THE PHOTOGRAPH

by Aris Georgiou
First published in the literary review "Dendro" # 17-18, January 1986

For days now — well no, it must be a month and a half — I’ve been carrying a photograph around with me, black-and-white, eighteen by twenty-four. I’ve been taking it here and there, in my bag. It shows a middle-aged man in glasses, jacket and tie, resting his elbows on a glass showcase, and gazing solemnly at me, as he poses a little self-consciously in front of a wall covered with silver-coped icons, some of them good, some bad, some hand-painted, some ready-made. There he is, in his shop in Egnatia Street, in 1973.

My eyes were just open then and I was looking for pictures; and finding them everywhere, as I always have. Even then I knew some of them were important; but all the same, I would usually go back and give people a copy of the picture they had given me. Sometimes I forgot, of course. The years went by, many of the pictures succumbed, though some stood the test of time. Less zealous now, with a more dispassionate eye, ten or eleven years later I’ve been sorting them out and making a selection for a book, and any day now the man in glasses is going to be published. Something about him touched me, and I had a look for his shop in Egnatia Street, but it was nowhere to be found. I hadn’t noticed it had been turned into a sports shop. So much can happen in ten years. I went into the shop next door and asked after him. A woman phoned her husband, and he told her the next road along, the last house, in the basement. And the name. I forget it now. I went there straight away, found it, noted where it was, and told myself I’d bring the photo along the next day.

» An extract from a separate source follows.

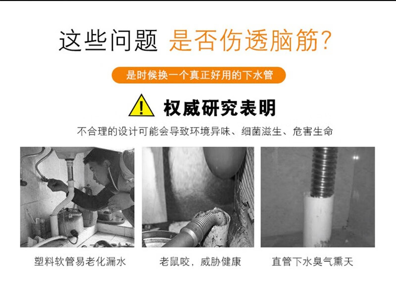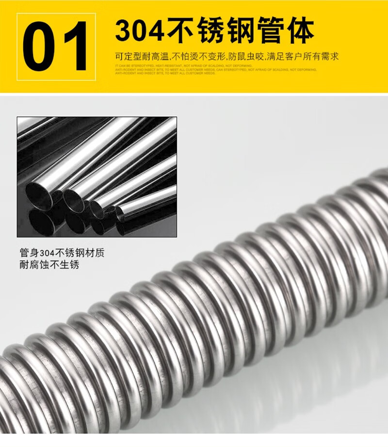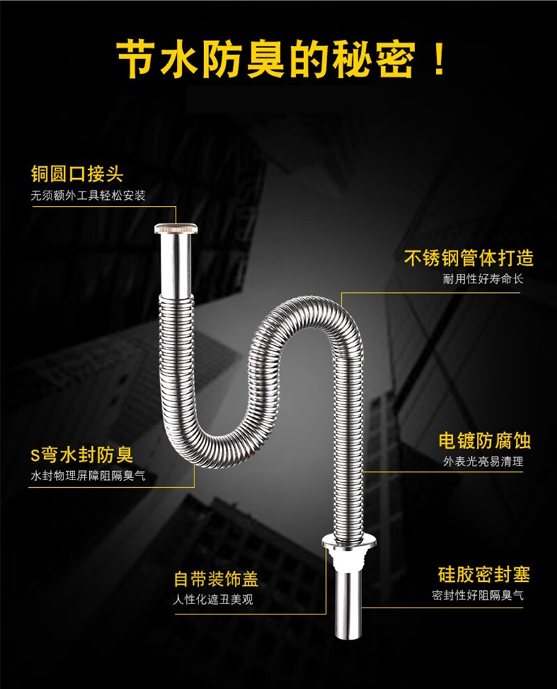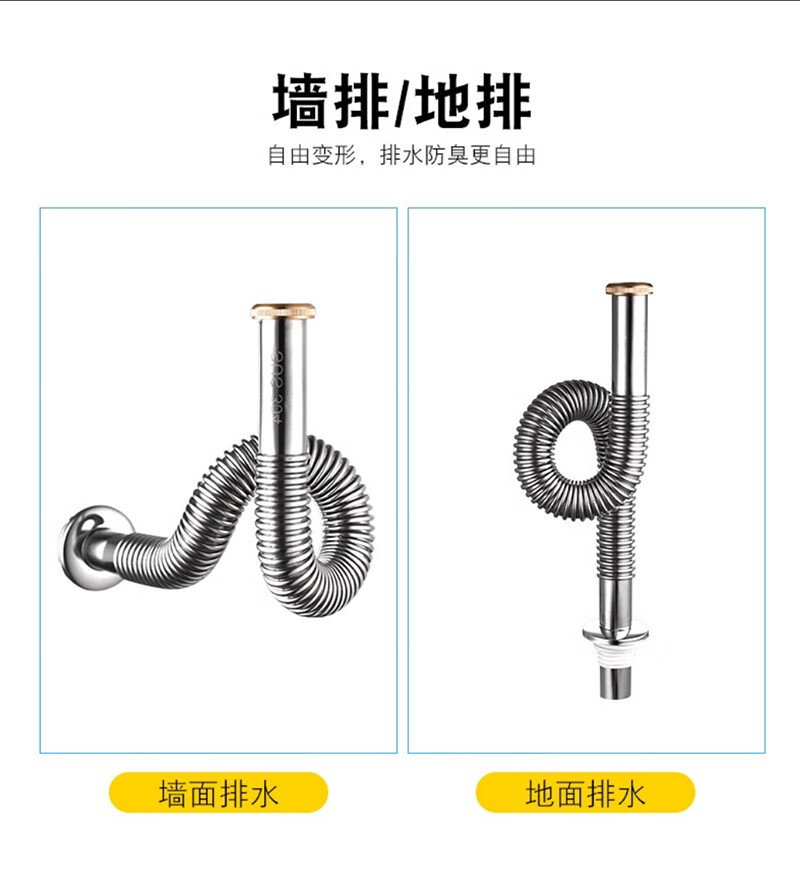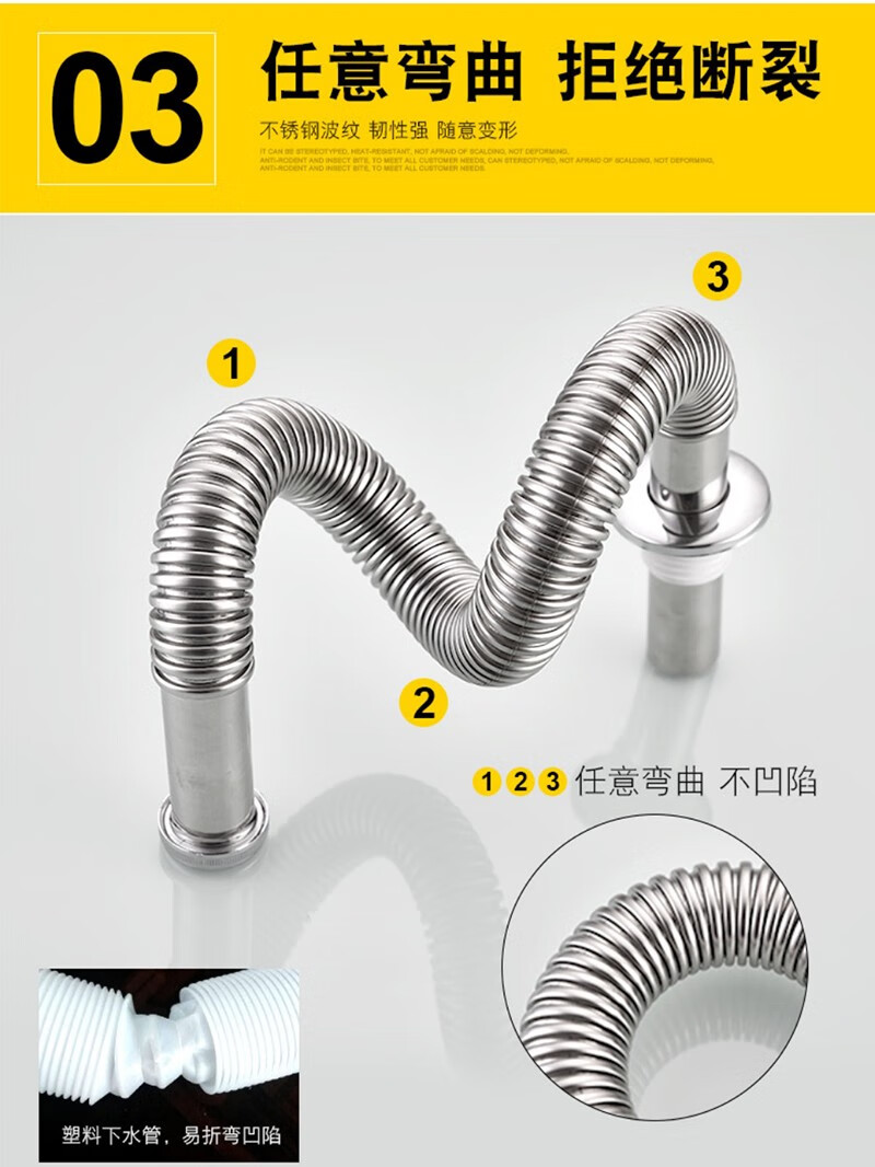 晟泰邦 304不锈钢下水管水槽面盆排水管加厚防反水溢水钢丝软管 内径32mm 长80cm 单位:根

For a month and a half now I’ve been carrying the photograph of the man who sold icons around with me. I’ve actually walked past his door a few times. I was nervous, it was the wrong time of day, I really don’t know why, but I didn’t knock. I looked at the photograph again: he must have been sixty-odd then, say seventy-five today. Well no, not terribly old, but you never know, anything can happen. A chill ran down my spine. What if he’d gone blind? He was wearing thick glasses, after all — if he’d gone blind what would he be able to see of this photograph I was going to publish. With growing horror I wondered how I could face a blind man and show him something he needed his eyes to see. And then, everybody knows, old people can be awkward sometimes: just imagine a blind, awkward old man yelling at you because he can’t see what you’re showing him; or getting enraged in retrospect because you once took his photograph. I can do without that, I thought, and since then I’ve been walking past.

So it must be about a month and a half that I’ve been carrying around this black-and-white photograph of the man and his icons. It will be published soon. Apart from me, other people are going to know his face too. One day, sooner or later, the old man is going to die, and when I find out I shall be weighed down with guilt.